This commit moves the permission checking information out of the range
table entries into a new plan node called RTEPermissionInfo. Every
top-level (inheritance "root") RTE_RELATION entry in the range table
gets one and a list of those is maintained alongside the range table.
This new list is initialized by the parser when initializing the range
table. The rewriter can add more entries to it as rules/views are
expanded.

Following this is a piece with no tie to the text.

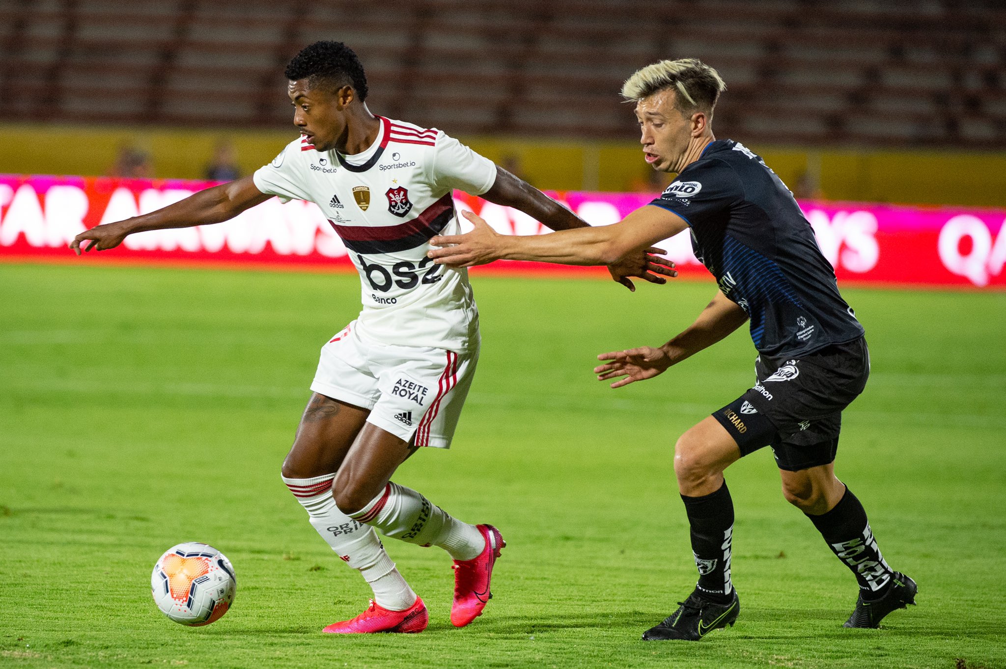 Para la segunda mitad, Flamengo regresó a la cancha dispuesto al empate y obligó al local a encerrarse en su propia zona. A los 19 minutos, Gabriel Torres volvió a quedar cara a cara con el arquero brasileño, pero definió sin convicción. Apenas la jugada siguiente, Bruno Henrique arranco un contragolpe letal tras recibir después de la media cancha, se quitó de encima a Schunke a la carrera y firmó la igualdad tras un toque ante Jorge Pinos.

Finally, the planner combines the lists of the individual
subqueries into one flat list that is passed to the executor for
checking.
To make it quick to find the RTEPermissionInfo entry belonging to a
given relation, RangeTblEntry gets a new Index field 'perminfoindex'
that stores the corresponding RTEPermissionInfo's index in the query's
list of the latter.
ExecutorCheckPerms_hook has gained another List * argument; the
signature is now:
typedef bool (*ExecutorCheckPerms_hook_type) (List *rangeTable,
List *rtePermInfos,
bool ereport_on_violation);
The first argument is no longer used by any in-core uses of the hook,
but we leave it in place because there may be other implementations that
do. Implementations should likely scan the rtePermInfos list to
determine which operations to allow or deny.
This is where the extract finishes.